World Environment Day: The Sopore Activist Who Took Wular’s Cause to Court

Aijaz Dar saved Asia's largest freshwater lake from becoming a garbage dump.

Suhail Khan



Srinagar, June 05:
For years, the Sopore Municipal Council saw Wular Lake as a convenient answer to a perennial question: where to dump the town’s garbage? The catchment area was large, the resistance local, and the protests easily ignored.

Until one man decided he would not breathe in peace.

Meet Aijaz Ahmad Dar, a social activist and environmentalist from Tazroo village in north Kashmir’s Sopore. On World Environment Day, Dar walks Kashmir Convener through a battle that began with a PIL, reached the Chief Justice’s chamber, and ended with an on-site inspection that rewrote the fate of Asia’s largest freshwater lake.

“When we were young, the entire area was lush green. Wular Lake had a distinct identity. The Haigam wetlands were our lifeline,” Dar said. “Today, nearly 60 percent of our green belts are destroyed. We raised slogans of development, and we ruined our water bodies. Illegal encroachment. Garbage. We are all responsible.”

The court moves in

While protests fizzled out, Dar did something unusual. He filed a writ petition in public interest through the Central Auqaf Committee Tarzoo, represented by advocate Shafqat Nazir. The prayer was simple: stop the Municipal Council from dumping garbage within the boundary pillars of Wular Lake.

The response was anything but routine.

Then Chief Justice of J&K Gita Mittal, along with Justice Sanjay Dhar, traveled to the disputed site at Ningli Tarzoo, Sopore, for an on-site assessment. What they saw — municipal waste spilling into the lake’s catchment — left little room for legal ambiguity.

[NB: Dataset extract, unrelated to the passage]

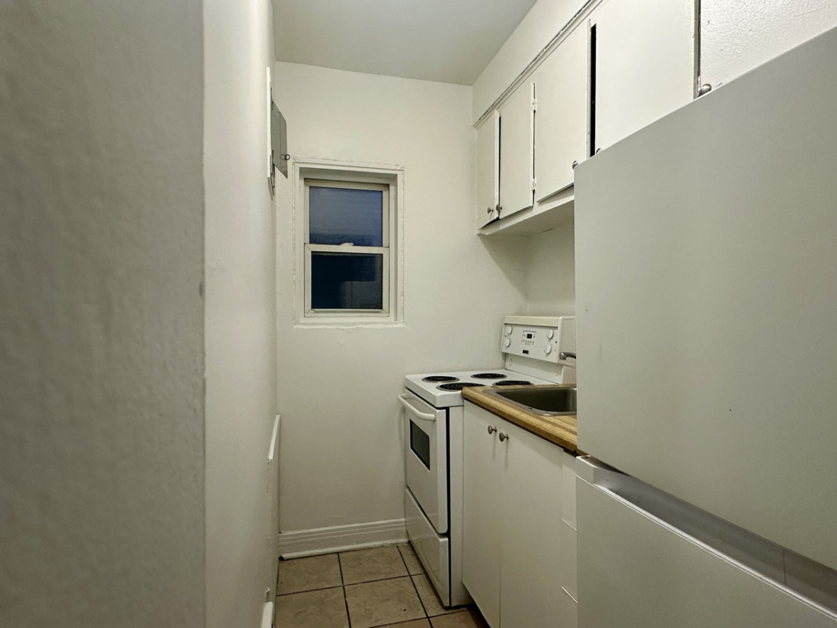 Entièrement rénové et baigné de lumière naturelle, ce studio séduit par son plancher de bois chaleureux et sa grande fenêtre, créant une atmosphère lumineuse et accueillante. La cuisine compacte et fonctionnelle est équipée d’armoires blanches, d’un four et d’un frigo, tandis que la salle de bains moderne dispose d’une baignoire, de céramique élégante et d’une fenêtre assurant une bonne aération.
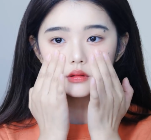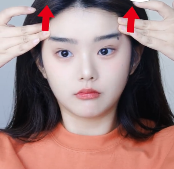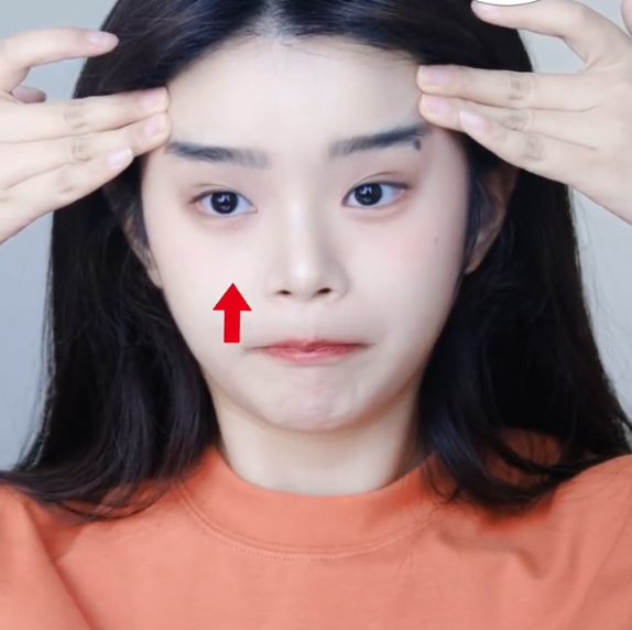 先在口中先含一口氣,再向口腔的上方鼓起,然後雙手按住眉尾向上提拉,每次堅持30秒。這個動作可以激活臉部肌肉,做完後會明顯感覺到顴骨有被推上去,輪廓也會肉眼可見的變得更柔和。

“After a thorough inspection, the Chief Justice issued on-site directions to the then Deputy Commissioner of Baramulla and MC Sopore to immediately stop garbage dumping in Wular,” Dar recalled. “She refused to allow the use of the Wular catchment area for dumping.”

The court also noted, with evident disapproval, that nearly ₹33 lakh of public money had been spent by MC Sopore on developing a garbage site within Wular’s boundaries — despite clear resentment from locals and environmentalists.

The Chief Justice then conducted a detailed survey of the lake itself — from the Wular Barrage site to Watlab Zuri Manz to the Wular Vintage Park at Garoora Bandipora.

Dar’s fight did not stop at Wular’s edge. He recently organized a joint site visit to the Haigam Wetland Reserve — a Ramsar-designated site and a key wetland along the Central Asian Flyway. Legislators participated. Environmentalists assessed the damage.

“We examined ecological degradation, encroachments, water management challenges, weakening embankments, and habitat loss for both domestic and migratory birds,” Dar said. Restoration of the once-prominent Boog Jheel and development of an eco-tourism park on encroachment-free land at Ningli also figured in the discussions.

For his work, the Environmental Policy Group (EPG) recently awarded Dar for highlighting degradation at Haigam and Wular — both Ramsar sites in Baramulla district.

‘I will fight alone’

“I am trying every possible means to ensure our water bodies are not destroyed further,” Dar said. “Although it is everyone’s responsibility, as much as I can, I will fight all alone to save our water bodies until my last breath.”

He added, “No doubt, people are illegally encroaching and dumping waste, but that does not mean that as responsible citizens, we will allow them to destroy our water bodies. Silence is not an option anymore. If we keep looking away, soon there will be nothing left to save.”

Dar warns that the loss is happening right before our eyes. “We are day by day losing our water bodies. We are moving towards destruction. But it is time — it is a wake-up call for all of us to come forward to save these bodies, to save our green belt. Kahin na phir dair ho jaye — before it is too late.”

He reflects on the speed of environmental decline. “We are day by day affecting our nature. The days are not far when we will see disastrous consequences: floods, droughts, loss of livelihoods, and a generation that will never know what a healthy wetland looks like. The birds are already leaving. The fish are dying. The weeds are taking over. And yet, we sit idle.”

Dar insists that change must begin at the grassroots. “One person started this fight — but one person cannot finish it. I need every citizen, every student, every leader to stand up. This is not my battle alone. This is a battle for Kashmir, for our children, and for our future.”

On this World Environment Day, that is not an activist’s slogan. It is the legal record of a man who has already won — in court, on the ground, and at the water’s edge.